The man’s legal team wants the Colorado Attorney General and the El Paso County District Attorney to review the case.
Attorneys say Gadson had two black eyes, a busted lip, and one eye was swollen shut with blood in his cornea. He was charged with two counts of second-degree assault on a police officer, resisting arrest, obstructing a peace officer, driving under the influence, and driving without a license plate.
According to a probable cause affidavit, Hickman “spotted a gray sedan vehicle enter the parking lot,” and the driver was “demonstrating unorthodox driving behavior.” When he pulled behind the vehicle, he noticed that the license plate was missing, and there was no sign of a temporary tag.
Gadson later said on GoFundMe that he thought his tag was in the vehicle’s back window, where he’d placed it, because he “needed new screws to affix the plate to the trunk.” However, he said he was unaware that it had fallen from the window at the time of the stop. “At the time, I had it inside of my car in the backseat,” he wrote. “It was in the rear windshield area, but it slid to the seat area without me knowing.”
Hickman also said Gadson was “thick-tongued” and “slurred his speech.” The officers suspected him of marijuana use because his car smelled like the substance.

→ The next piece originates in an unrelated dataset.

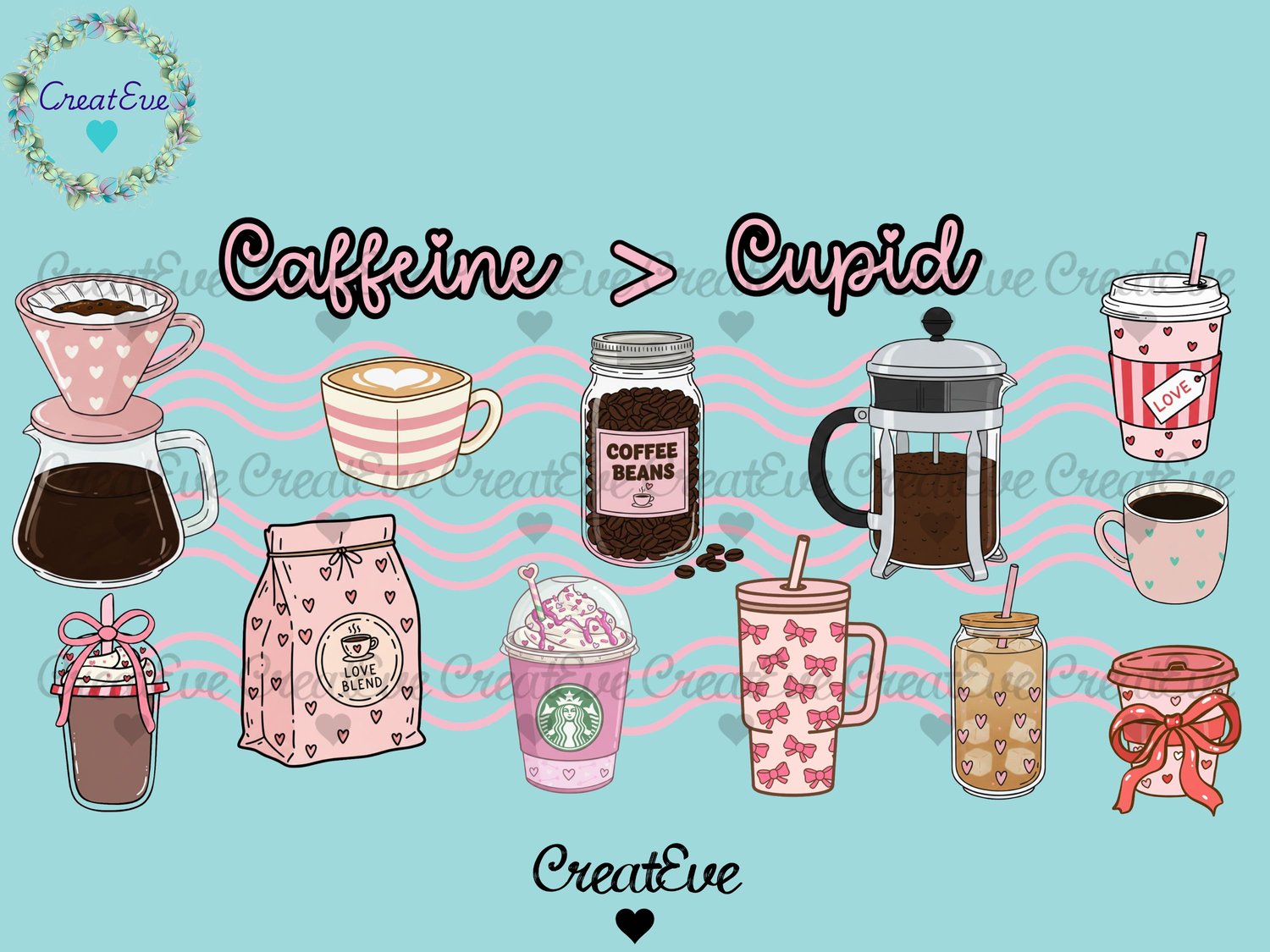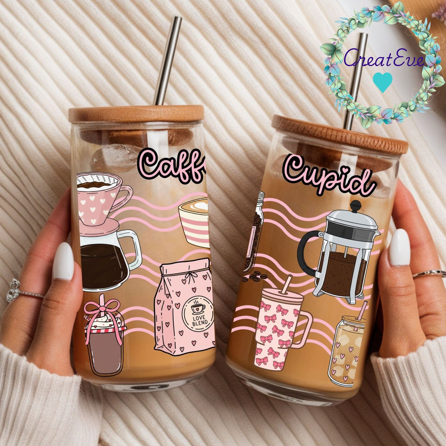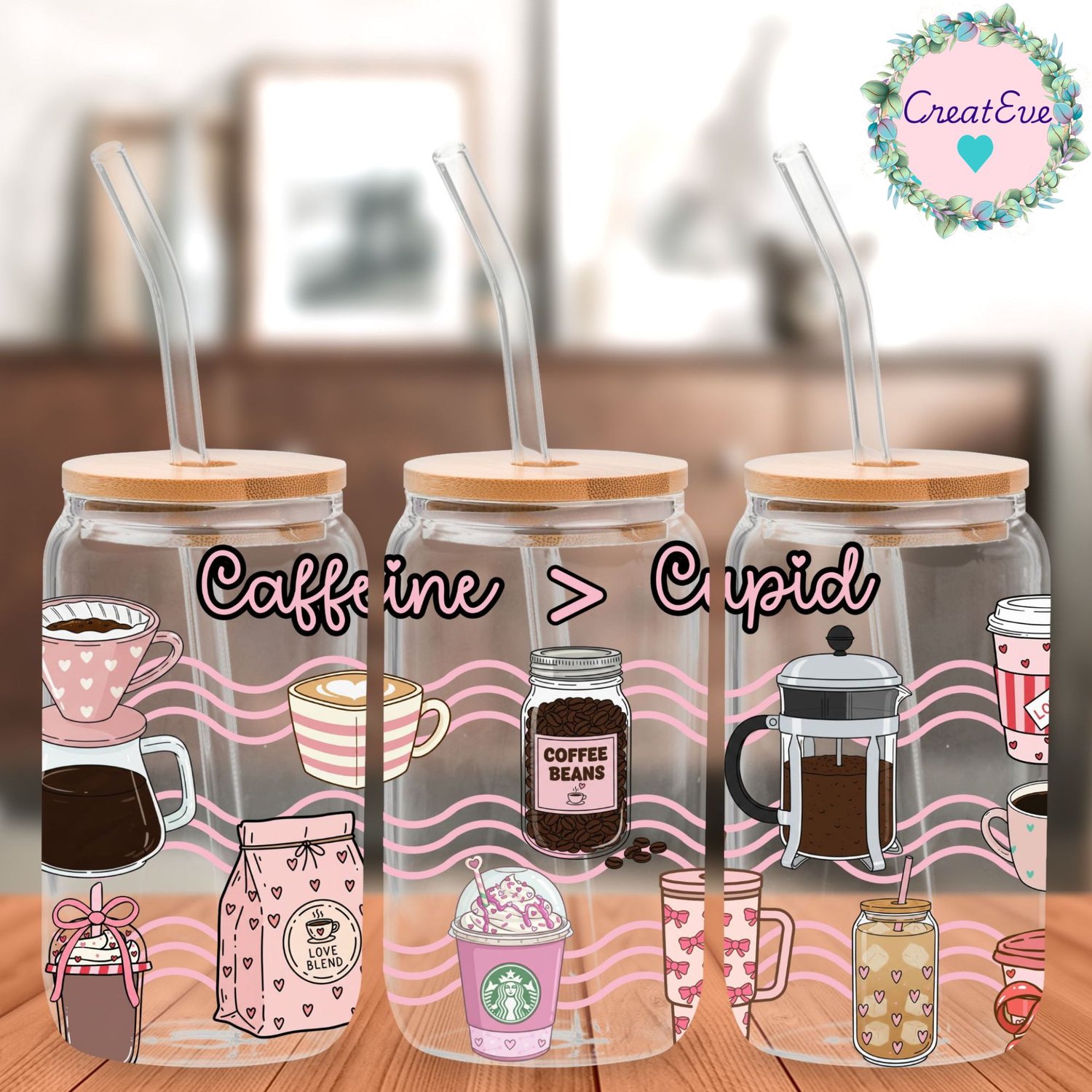 Valentines Coffee Lovers 16oz Libbey Glass Can PNG, Transparent Background, 300dpi, 9.75" x 4.8"

However, the man’s attorneys said he did not deserve to be assaulted by the officers — even if he was suspected of driving while intoxicated.
The affidavit also claims that Gadson kicked officer Hummel in the chest several times and became “more aggressive” while they were trying to pull him out of the vehicle. However, body-camera footage contradicts the claims. The officers surround Gadson and start showering him with blows as soon as he shows signs of resistance. They talked casually and joked after dishing out the beating.
Charges claiming Gadson assaulted an officer were dropped, and the Department of Motor Vehicle dismissed claims that the officers had sufficient evidence that the motorist was impaired during a Dec. 7 hearing. The Colorado Springs Gazette reports that a criminal DUI charge against Gadson is still pending.